Stem cells and self-driving cars: Why we look stupid predicting the technology of the future

We’ve all seen technology proceed like greased lightning.

In my lifetime, we’ve gone from typewriters to internet-enabled laptops. We’ve seen smartphones go berserk and enormous progress in survival rates for cancer. These fields have transformed. It is tempting to predict more exponential change in the field you’re most excited by.

For example, last night I watched a couple of documentaries on stem cell research that were mind-blowingly exciting (12). Want to see a paraplegic stand? Click on that first link.

But caution is needed.

The fields in which we see progress are affected by survival bias. We don’t see the frustrated scientists trying and failing to revolutionise other fields. Look around you and much is as it was 100 years ago. I’m sitting at a wooden chair at a wooden table, wearing woolen socks and leather shoes. The alphabet is the same as it was, and so is my keyboard layout. There’s a clock on the wall telling me the time with two rotating hands. I just got over a common cold. I’m eating brown rice and snowpeas. It could be 1850 – if not for the macbook.

So not everything is on the brink of revolution. Which is why I have to pull back on my former enthusiasm for autonomous cars.  I admit I was focused on the potential upsides – in traffic, in accidents, in parking, and on the successes Google has had with its autonomous car program. Google is backing the project, appointing the old head of Ford. But even Google fails sometimes, as with Google Wave.

“The benefits are so great that we will force ourselves to accept them, even with a few risks,” I told myself.

ship painting

But then I started thinking about the development path, and I became significantly cooler on the chances of success.

Autonomous cars will only break through once they are trusted.

TRUST

Humans set a very high bar for risk in situations where they perceive they are not in control. (This is why people object to tiny risks of living downwind of a polluter and won’t let their kids walk to school, but still eat chips and drive fast.)

Autonomous cars won’t just have to prove they are safer than humans at driving, but much safer – for car occupants, other road users, pedestrians, wildlife and pets.

THE LONG TAIL

Computer operated cars are probably already better than humans at driving in car traffic on freeways and on busy roads. Humans are dreadful at mundane repetitive tasks that require paying attention.

Computers could do this part.
Computers could do this part.

But car crashes can happen in odd moments.

This is where humans excel.
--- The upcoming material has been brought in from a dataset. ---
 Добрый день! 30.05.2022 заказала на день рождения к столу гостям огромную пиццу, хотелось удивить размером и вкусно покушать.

We dominate computers at dealing with problems we never saw before.

Humans will remain best at dealing with things like:

  1. A big black garbage bag blows onto the road but we know we needn’t swerve as we can tell it is light by the way it moves.
  2. Kangaroos are on the side of the road so we better slow down because they often jump in front of the car.
  3. It’s Saturday afternoon, there’s just been a football match, some sort of fight is happening on the side of the road, and you know someone could easily step out into traffic as part of the brawl.

etc, etc.

Many serious crashes occur in scenarios that are in the long tail of distributions. Machine learning will not cover them all, so there will remain a few scenarios (I predict on the basis of statistics alone) in which autonomous cars continue to perform predictably worse than humans despite the best efforts of programmers.

RISKY LAUNCH

Other types of software can launch with “beta phases” where failure is embarrassing, but not catastrophic. But the testing that will have to happen before any serious real world traffic experiments involving autonomous cars will be enormous. Google’s experiments driving round California are good, but still limited in scope and scale.
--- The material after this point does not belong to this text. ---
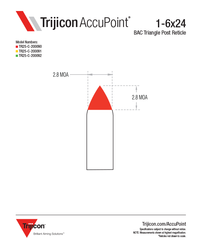 Trijicon AccuPoint 1-6x24 будет прицелом, который даст вам небольшое дополнительное увеличение, когда оно вам понадобится. После использования карабина весь день на 1x вы достигаете той стадии, когда вам нужно остановиться, подышать и сделать дальний выстрел. Когда вы это сделаете, вы будете рады, что сможете увеличить его до 6 раз. Будь то густой лес слева от вас или кукурузное поле справа от вас, у вас будет уверенность, чтобы выстрелить. Наша запатентованная сетка на оптоволоконной основе - одна из самых быстрых, которые вы когда-либо использовали. Используйте функцию Bindon Aiming Concept ™ (BAC) Trijicon с открытыми глазами, совместите кончик яркого оптоволоконного треугольника с целью, нажмите на спусковой крючок, и ваша работа будет выполнена. Управляйте яркостью своей оптоволоконной точки прицеливания с помощью инновационного шкалы подсветки и будьте уверены в правильности выстрела при слабом освещении, когда работает тритий.

A few high-profile crashes will be enough to set a very high technical and legal bar for autonomous cars. The concept of surrendering ones life to a machine is a staple of science fiction because it irritates a real issue in human psychology – control.
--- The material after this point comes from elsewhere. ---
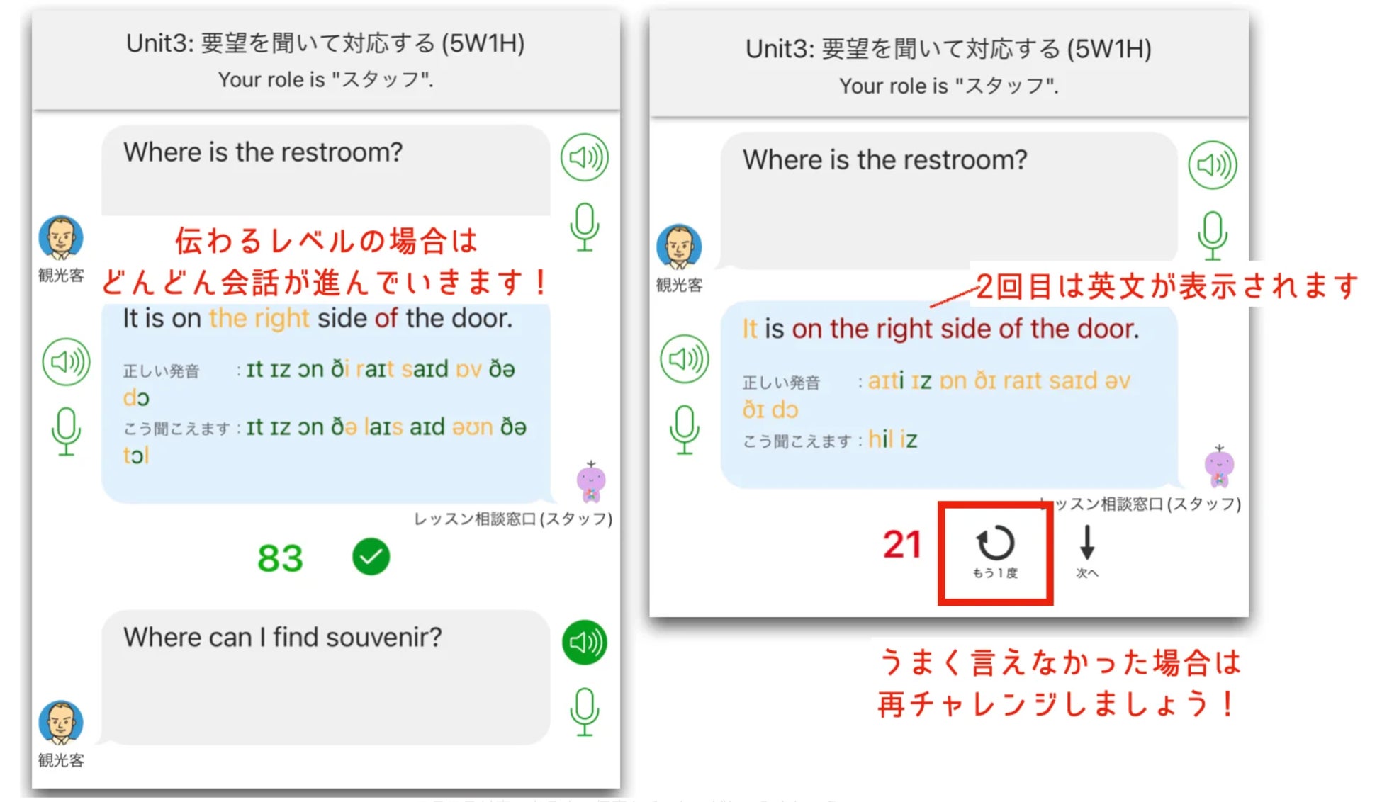 音声を声に出すと発音がチェックされ、伝わるレベルであれば会話がどんどん進んでいきます。発音が間違っていたり発言できなかったりすると、ストップして英訳が表示されるので、伝わるレベルになるまで再チャレンジしてください。どうしても進めない場合は「次へ」を押して先へ進めます。

MANY OPPORTUNITIES FOR SETBACK

It is not just technical problems that can hold up autonomous cars indefinitely. Political, road engineering, PR and software challenges will impede getting autonomous cars to the point where people trust them and forgive their mistakes.

For just one example, the FBI is opposed to driverless cars, according to a brand new report. Solving that will be tricky. And when it is solved another impediment will arise.

There’s a lot of fail points. I suspect – again on the basis of pure statistics – one will resolve into a  big sticking point for a long time to come.

What role for motorbikes under this all autonomous future?
What role for motorbikes in this all autonomous future?

SUCCESS WON’T LOOK LIKE SUCCESS

Cars will continue to have more and more sensors and autonomous capabilities. But during this time, non-autonomous cars will continue to be sold.

Traffic will be mixed for at least the next 50 years. Some freeways and highways will perhaps be autonomous-only. But not places where there are pedestrians, bicycles, shops, parking, and of course traffic lights. So the benefits of full autonomy will not be realised for a very long time. Don’t hold your breath.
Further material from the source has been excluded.